== Try it ==
Begin the copy at the line containing "Cozy camping retreat: inviting" in the data below and end it at the line containing "申込フォーム(Hagi Book Club)https://forms.gle/tuiGiXVd8pJyt82B7", keeping each line exact and leaving out pictures.

== Data records ==
● ● ● ● ●

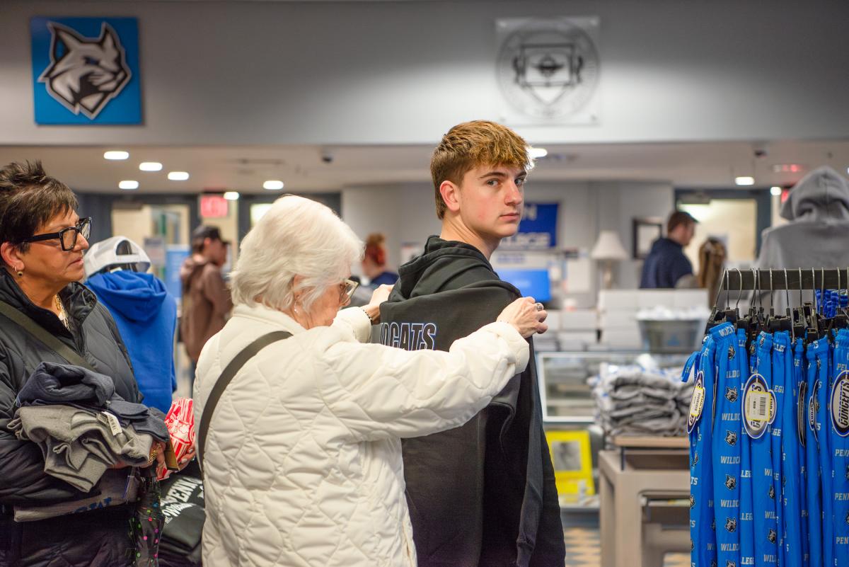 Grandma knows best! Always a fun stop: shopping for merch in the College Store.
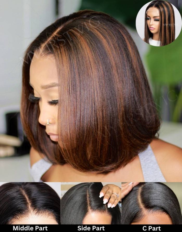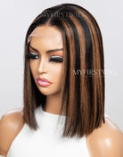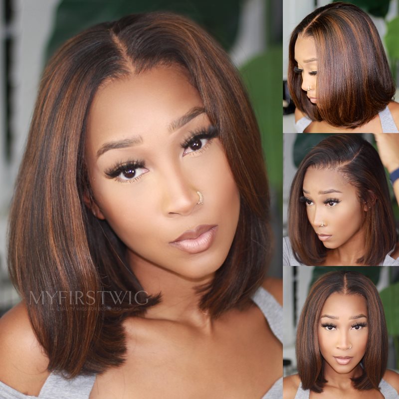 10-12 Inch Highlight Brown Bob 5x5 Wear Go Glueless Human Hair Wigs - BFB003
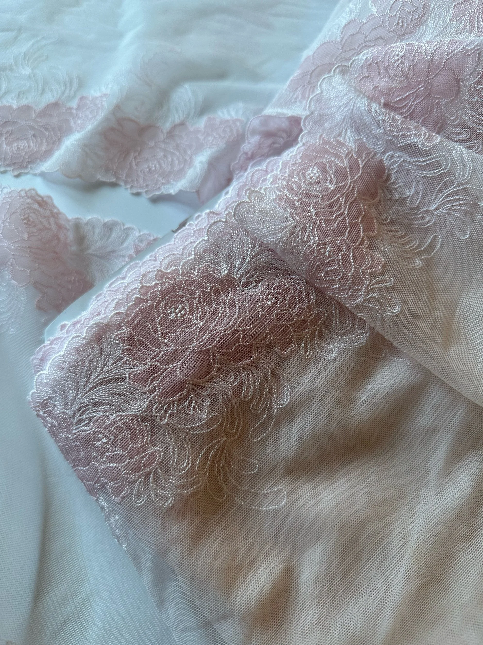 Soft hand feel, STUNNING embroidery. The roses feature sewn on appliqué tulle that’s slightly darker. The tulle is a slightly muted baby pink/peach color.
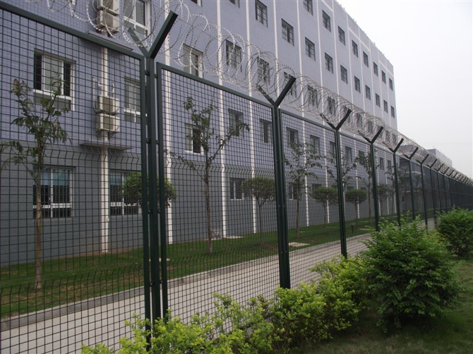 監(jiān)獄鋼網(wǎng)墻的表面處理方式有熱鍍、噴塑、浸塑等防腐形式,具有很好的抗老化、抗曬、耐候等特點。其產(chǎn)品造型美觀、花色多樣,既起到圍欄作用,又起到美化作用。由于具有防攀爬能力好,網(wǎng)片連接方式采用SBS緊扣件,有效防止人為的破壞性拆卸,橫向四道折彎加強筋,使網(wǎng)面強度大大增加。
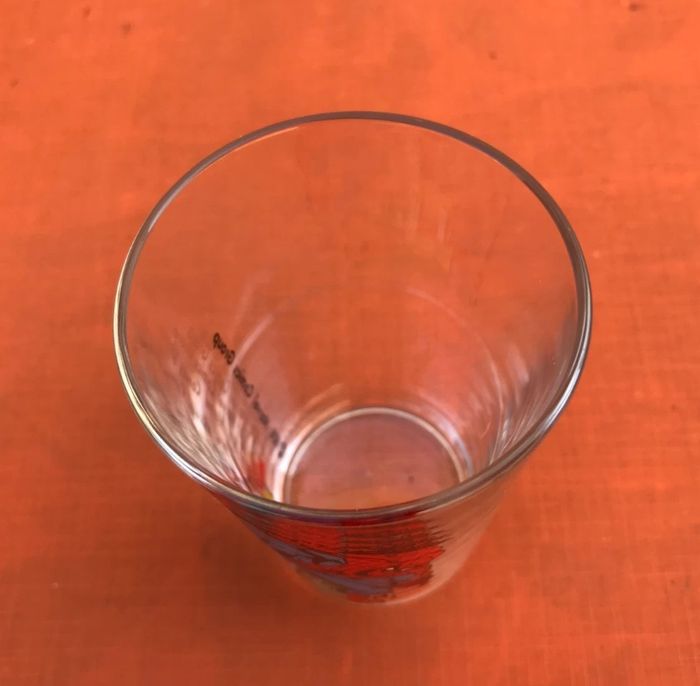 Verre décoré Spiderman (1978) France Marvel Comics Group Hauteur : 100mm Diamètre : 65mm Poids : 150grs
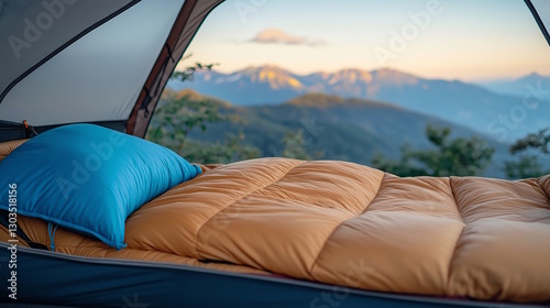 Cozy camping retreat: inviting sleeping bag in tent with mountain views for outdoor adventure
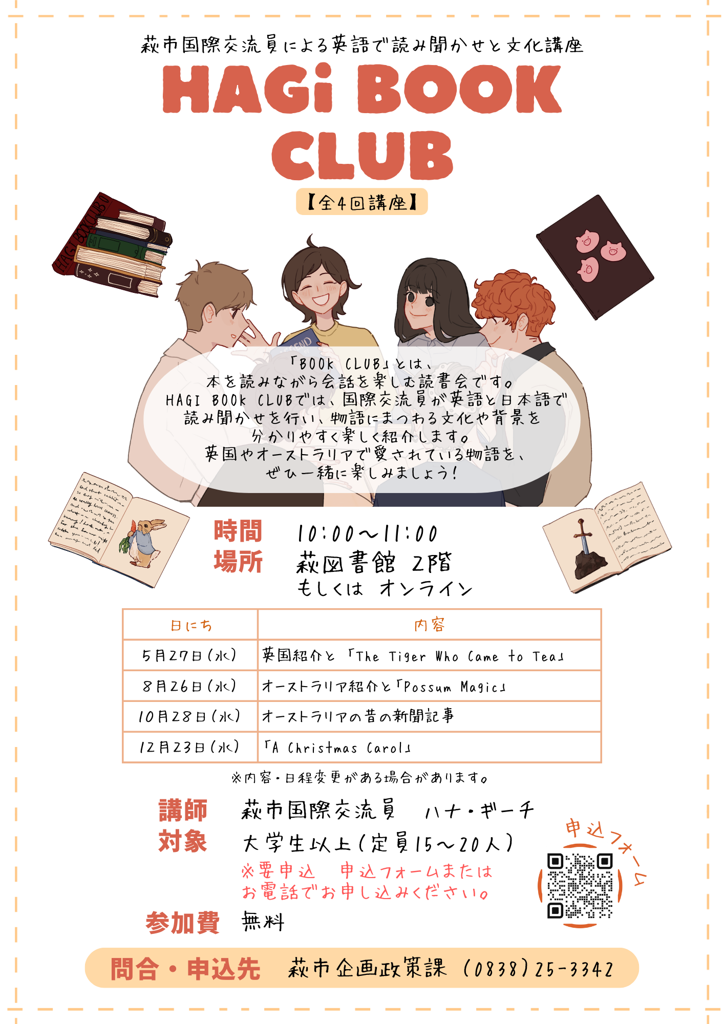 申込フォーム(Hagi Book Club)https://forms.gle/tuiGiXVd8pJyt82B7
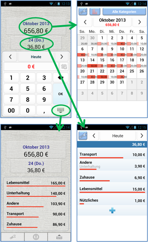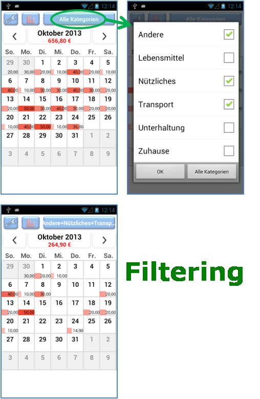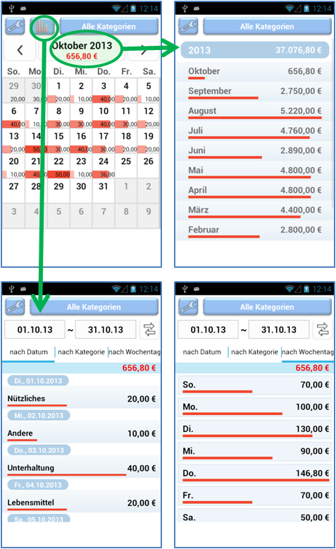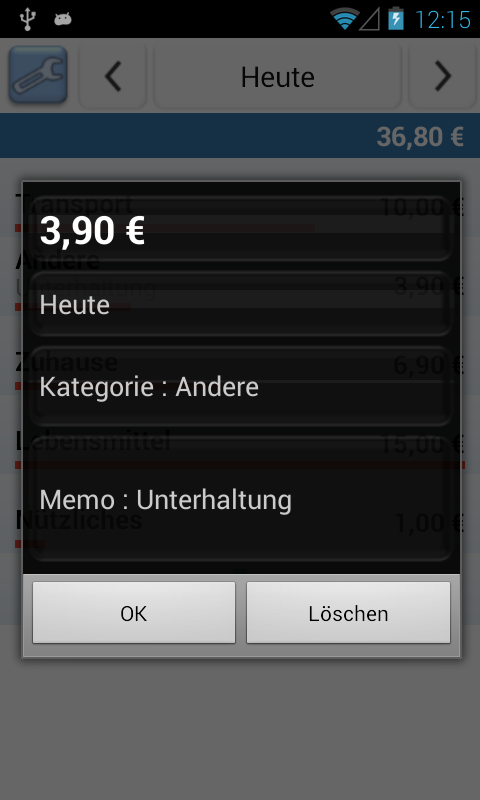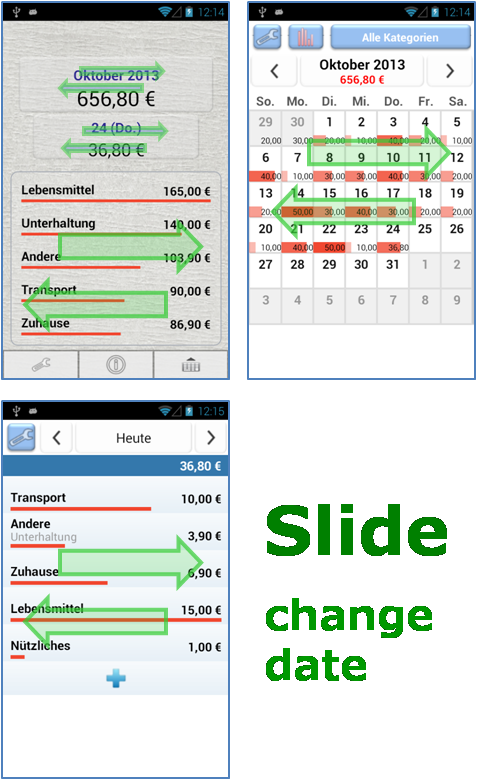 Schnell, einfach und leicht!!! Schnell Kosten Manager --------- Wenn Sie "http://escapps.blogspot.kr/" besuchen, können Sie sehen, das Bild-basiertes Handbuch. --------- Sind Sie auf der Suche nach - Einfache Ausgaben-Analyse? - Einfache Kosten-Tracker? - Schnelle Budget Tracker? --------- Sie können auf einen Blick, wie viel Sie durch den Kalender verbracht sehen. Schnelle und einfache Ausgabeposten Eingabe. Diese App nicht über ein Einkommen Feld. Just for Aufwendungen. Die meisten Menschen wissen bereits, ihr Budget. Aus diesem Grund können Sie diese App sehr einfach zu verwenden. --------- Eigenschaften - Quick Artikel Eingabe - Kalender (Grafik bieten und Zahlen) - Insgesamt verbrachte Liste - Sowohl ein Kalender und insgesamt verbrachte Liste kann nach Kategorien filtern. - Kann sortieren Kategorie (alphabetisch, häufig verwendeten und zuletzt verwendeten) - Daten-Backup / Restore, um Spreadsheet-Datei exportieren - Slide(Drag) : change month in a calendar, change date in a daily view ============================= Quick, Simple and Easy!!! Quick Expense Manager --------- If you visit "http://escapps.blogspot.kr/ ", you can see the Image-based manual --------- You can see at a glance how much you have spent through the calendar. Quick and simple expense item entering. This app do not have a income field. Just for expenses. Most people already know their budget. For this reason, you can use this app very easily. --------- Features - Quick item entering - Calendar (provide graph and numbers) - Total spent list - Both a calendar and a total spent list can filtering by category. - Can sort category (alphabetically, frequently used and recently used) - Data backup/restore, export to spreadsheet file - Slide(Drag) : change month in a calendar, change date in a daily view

● ● ● ● ●

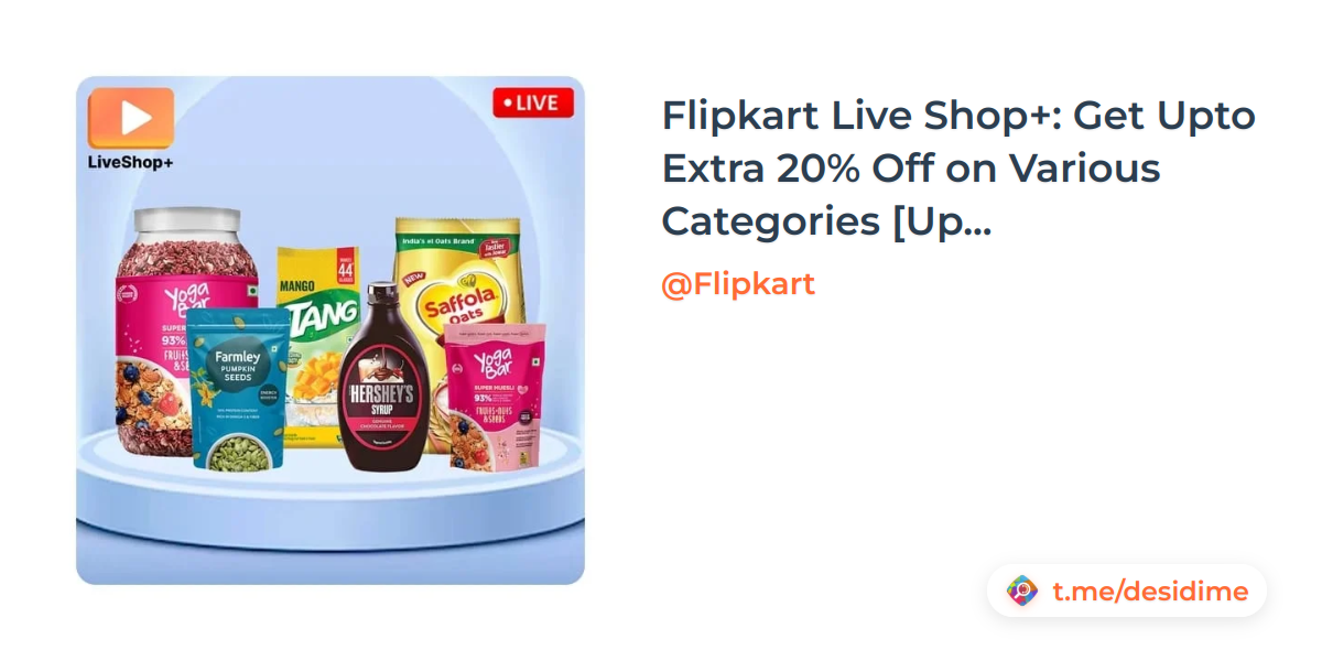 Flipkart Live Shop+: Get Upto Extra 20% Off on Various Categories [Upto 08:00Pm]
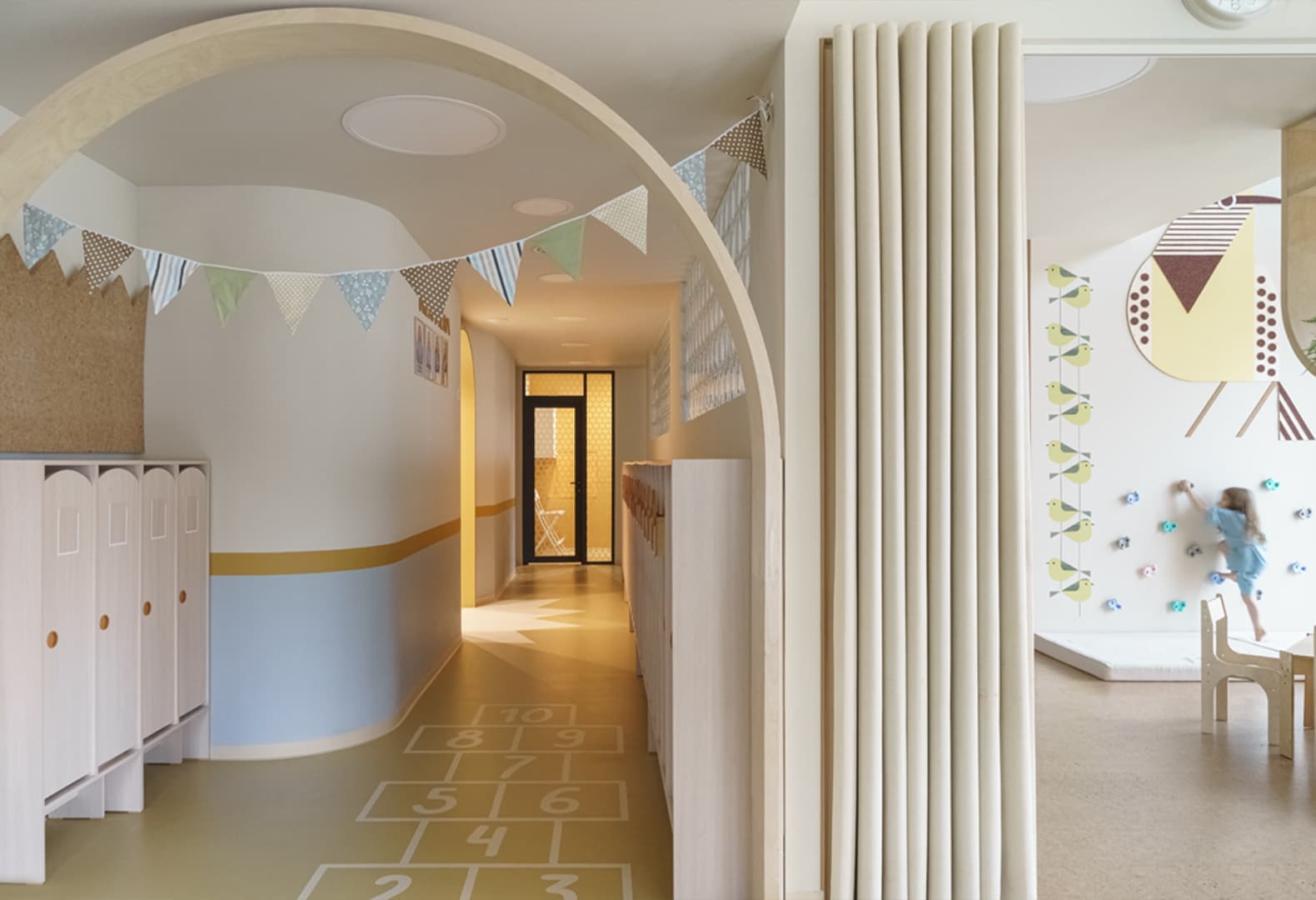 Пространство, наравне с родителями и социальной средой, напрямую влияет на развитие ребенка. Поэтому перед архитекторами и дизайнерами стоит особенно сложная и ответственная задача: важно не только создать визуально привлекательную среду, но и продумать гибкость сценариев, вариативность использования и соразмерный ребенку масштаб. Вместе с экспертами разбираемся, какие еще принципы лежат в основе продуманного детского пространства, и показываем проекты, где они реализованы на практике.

● ● ● ● ●

== Response box ==
 Cozy camping retreat: inviting sleeping bag in tent with mountain views for outdoor adventure
 申込フォーム(Hagi Book Club)https://forms.gle/tuiGiXVd8pJyt82B7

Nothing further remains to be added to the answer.